Samaritan uses a pluggable TTS provider architecture. Switch at runtime via the VOICE button in the control bar, or set the default via TTS_PROVIDER in the JS config block of index.html.

Provider Button API Key Audio Format Notes
Inworld AI I INWORLD_API_KEY Streaming NDJSON, base64 WAV chunks Server proxy at /api/tts/inworld. Voice: Evelyn. Model: inworld-tts-1.5-mini. 44-byte RIFF header stripped per chunk.
xAI Realtime X XAI_API_KEY Per-turn WebSocket Ephemeral token minted server-side per response. Voices: Eve, Ara, Rex, Sal, Leo. Sentence-level streaming.
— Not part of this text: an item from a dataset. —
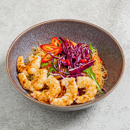 Стеклянная лапша с тигровыми креветками, овощами, руколой, перцем чили и фирменным соусом по рецепту шеф-повара

All API keys are kept server-side — they are never sent to the browser.

Configurable constants (top of JS in index.html):

let   TTS_PROVIDER            = 'inworld';            // default: 'inworld' | 'xai'
const XAI_VOICE               = 'ara';                // Eve | Ara | Rex | Sal | Leo
const INWORLD_VOICE           = 'Evelyn';
const INWORLD_MODEL           = 'inworld-tts-1.5-mini';

Audio pipeline: All providers feed into a shared Web Audio API pipeline (scheduleAudioChunk) for gapless playback. Barge-in support stops all queued audio immediately via stopAllAudio().

STT Providers (Speech-to-Text)

Provider Model API Notes
Deepgram Flux flux-general-en v2 /listen Default STT. Native turn detection via TurnInfo events. EOT threshold: 0.8. Do NOT send language or punctuate params.
Deepgram Nova-3 (Diarize) nova-3 v1 /listen Used in DI mic mode only. diarize=true, labels each speaker as [Speaker N]: text.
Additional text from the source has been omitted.